Third, software engineers should perform the deployment modeling early in the project’s life cycle and update it throughout the project as needed. Ambler says, deployment is a difficult process that software engineers should start early in the life cycle, the process begins with requirements definition during the Inception phase, continues with deployment modeling and deployment planning during the Elaboration and Construction phases, and lead to deployment of the system workflow starting late in the project life cycle. He says that deployment modeling is a key component of the deployment workflow and incorporating the UML deployment diagram into system development efforts will increase the chances of delivering the system successfully.
As a result, deployment modeling and the deployment workflow are an important part of system development models.
Based on Ambler’s discussion, Figure 2 depicts a UML deployment diagram for a university administration system. This figure depicts how software engineers deploy major software components into the production environment, enables the project team to identify its deployment strategy.
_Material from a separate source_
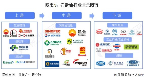 中国润滑油上游产业包括石油开采/炼油、基础油、添加剂,代表企业包括企业有中国石油、中国石化等炼油企业,瑞丰新材、康泰股份等的润滑油添加剂制造企业,此外还有供应含氟润滑油基础油的供应商新宙邦。中游产业企业有龙蟠科技、康普顿、中国石油、中国石化等工业和车用润滑油企业。下游产业企业有汽车制造、工程机械、船舶制造行业的相关企业,如广汽集团、潍柴动力、中国船舶等。
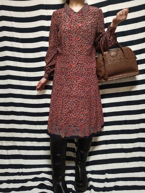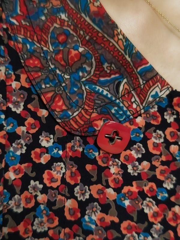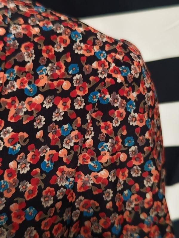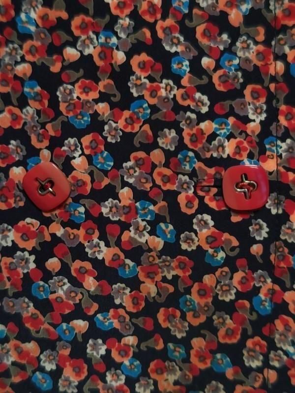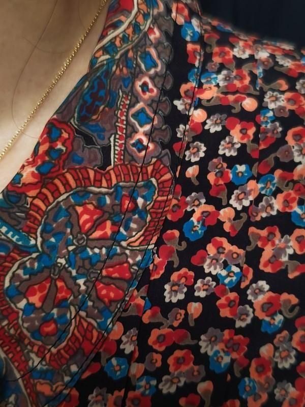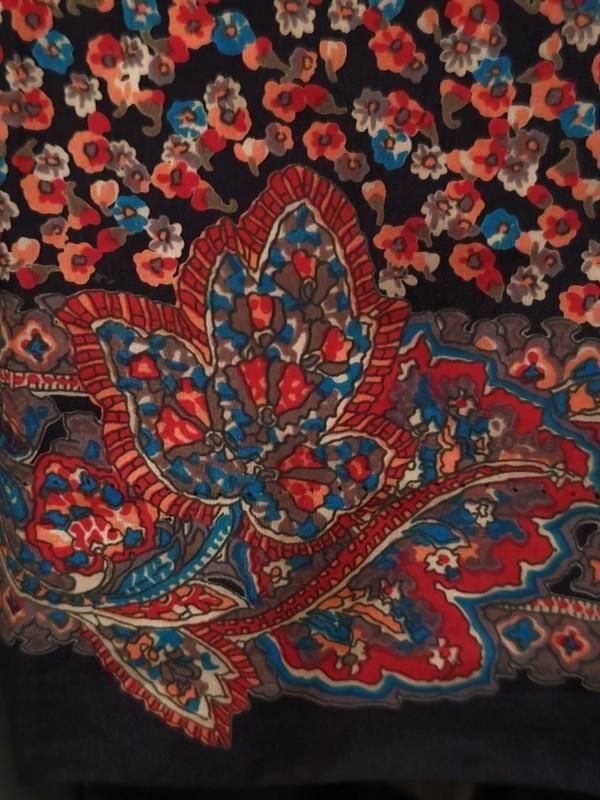 黒ベースに赤・オレンジ・ブルー系の小花柄がレトロで

Figure 2. A Project-Specific UML Deployment Diagram
In conclusion, three authors suggested that the deployment diagram shows run-time architecture of processors and devices, and visualizes the configuration of physical processing elements and the software components that execute on the processing elements. The first two authors emphasize on how to implement the deployment diagram, and the third author emphasizes how and when software engineers need to apply the deployment diagram in the software process stage. This researcher believes that Ambler’s deployment diagram explanations give a fuller and clearer picture of a system than the methods of other authors. The deployment diagram is an important model for increasing the chance of successfully delivering system.